_THE TASK_: In the material below, write out each line word for word and omit the pictures.

** Opening GIVEN INFORMATION block **

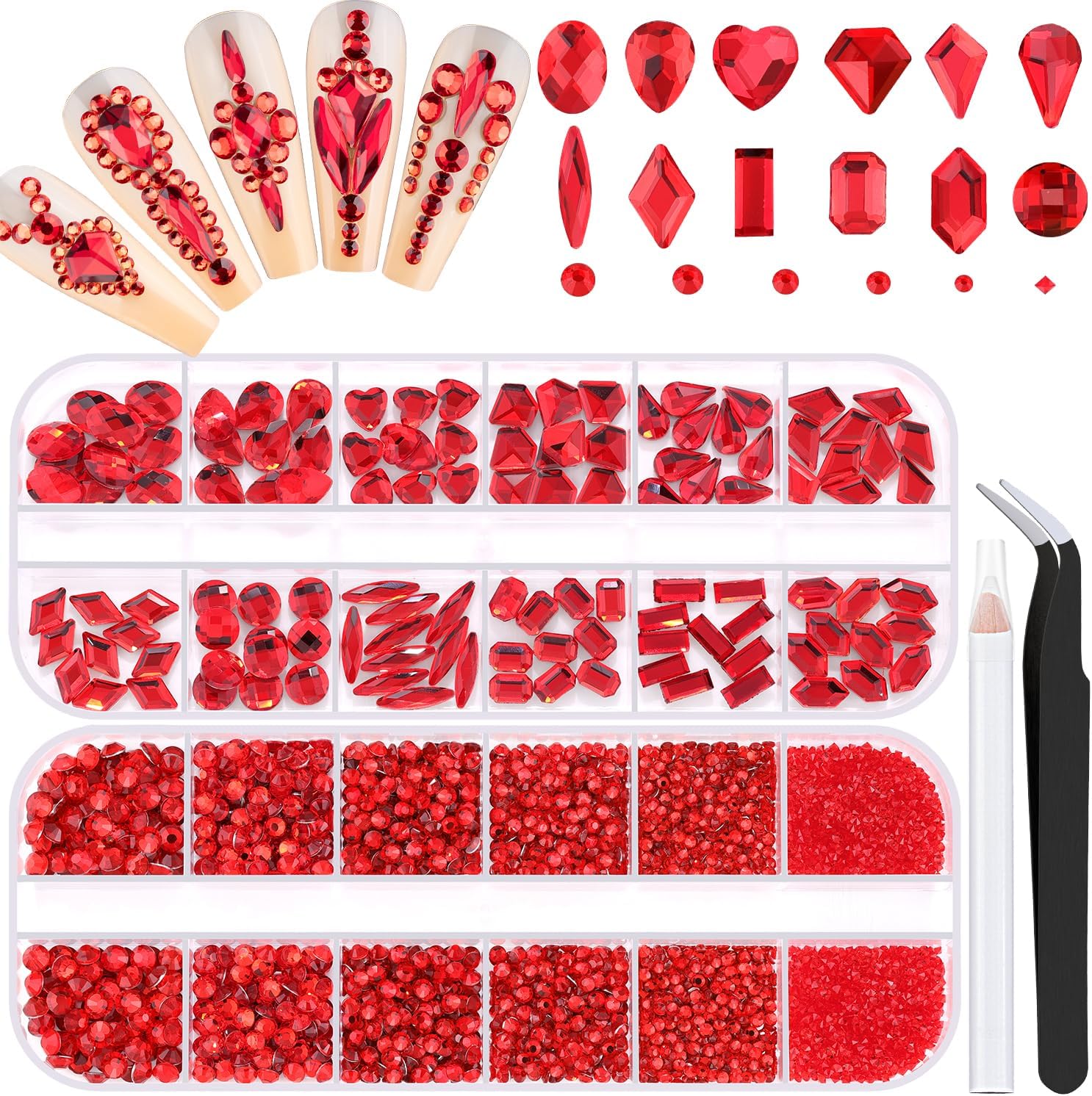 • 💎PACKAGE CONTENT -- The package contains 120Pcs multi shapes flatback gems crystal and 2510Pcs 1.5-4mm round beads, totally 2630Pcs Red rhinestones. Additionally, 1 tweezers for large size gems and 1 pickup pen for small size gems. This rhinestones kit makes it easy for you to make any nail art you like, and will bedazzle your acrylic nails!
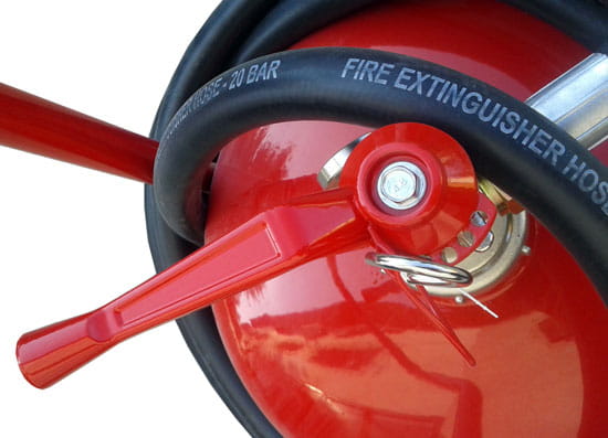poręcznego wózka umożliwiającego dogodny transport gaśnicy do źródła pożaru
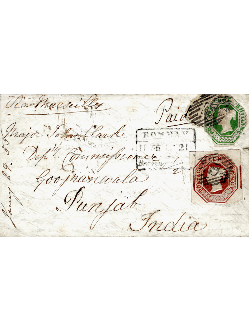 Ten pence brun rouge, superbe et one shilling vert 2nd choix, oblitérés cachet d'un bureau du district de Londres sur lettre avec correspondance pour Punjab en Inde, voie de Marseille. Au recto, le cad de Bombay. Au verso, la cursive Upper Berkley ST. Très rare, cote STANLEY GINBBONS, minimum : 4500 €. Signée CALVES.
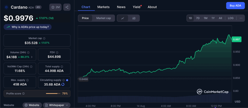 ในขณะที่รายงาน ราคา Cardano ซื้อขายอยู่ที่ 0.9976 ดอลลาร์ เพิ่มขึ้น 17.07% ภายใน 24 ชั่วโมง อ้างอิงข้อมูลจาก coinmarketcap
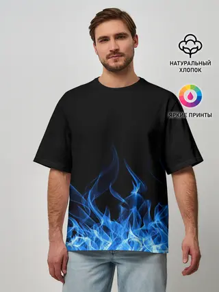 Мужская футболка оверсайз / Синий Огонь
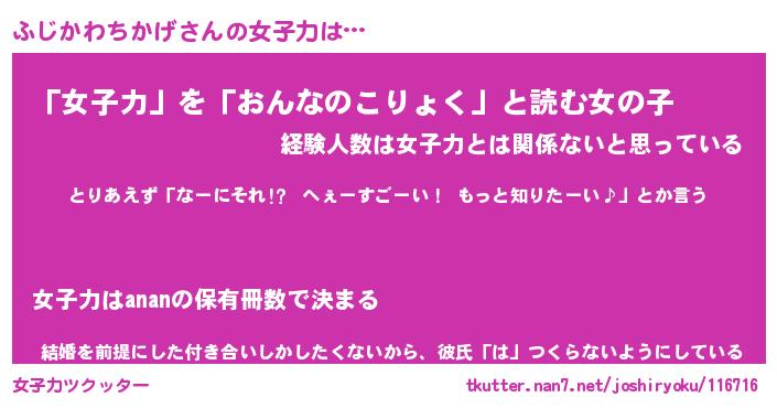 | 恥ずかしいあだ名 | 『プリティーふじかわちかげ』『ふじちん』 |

** Closing GIVEN INFORMATION block **

_RESULT_:
 • 💎PACKAGE CONTENT -- The package contains 120Pcs multi shapes flatback gems crystal and 2510Pcs 1.5-4mm round beads, totally 2630Pcs Red rhinestones. Additionally, 1 tweezers for large size gems and 1 pickup pen for small size gems. This rhinestones kit makes it easy for you to make any nail art you like, and will bedazzle your acrylic nails!
poręcznego wózka umożliwiającego dogodny transport gaśnicy do źródła pożaru
 Ten pence brun rouge, superbe et one shilling vert 2nd choix, oblitérés cachet d'un bureau du district de Londres sur lettre avec correspondance pour Punjab en Inde, voie de Marseille. Au recto, le cad de Bombay. Au verso, la cursive Upper Berkley ST. Très rare, cote STANLEY GINBBONS, minimum : 4500 €. Signée CALVES.
 ในขณะที่รายงาน ราคา Cardano ซื้อขายอยู่ที่ 0.9976 ดอลลาร์ เพิ่มขึ้น 17.07% ภายใน 24 ชั่วโมง อ้างอิงข้อมูลจาก coinmarketcap
 Мужская футболка оверсайз / Синий Огонь
 | 恥ずかしいあだ名 | 『プリティーふじかわちかげ』『ふじちん』 |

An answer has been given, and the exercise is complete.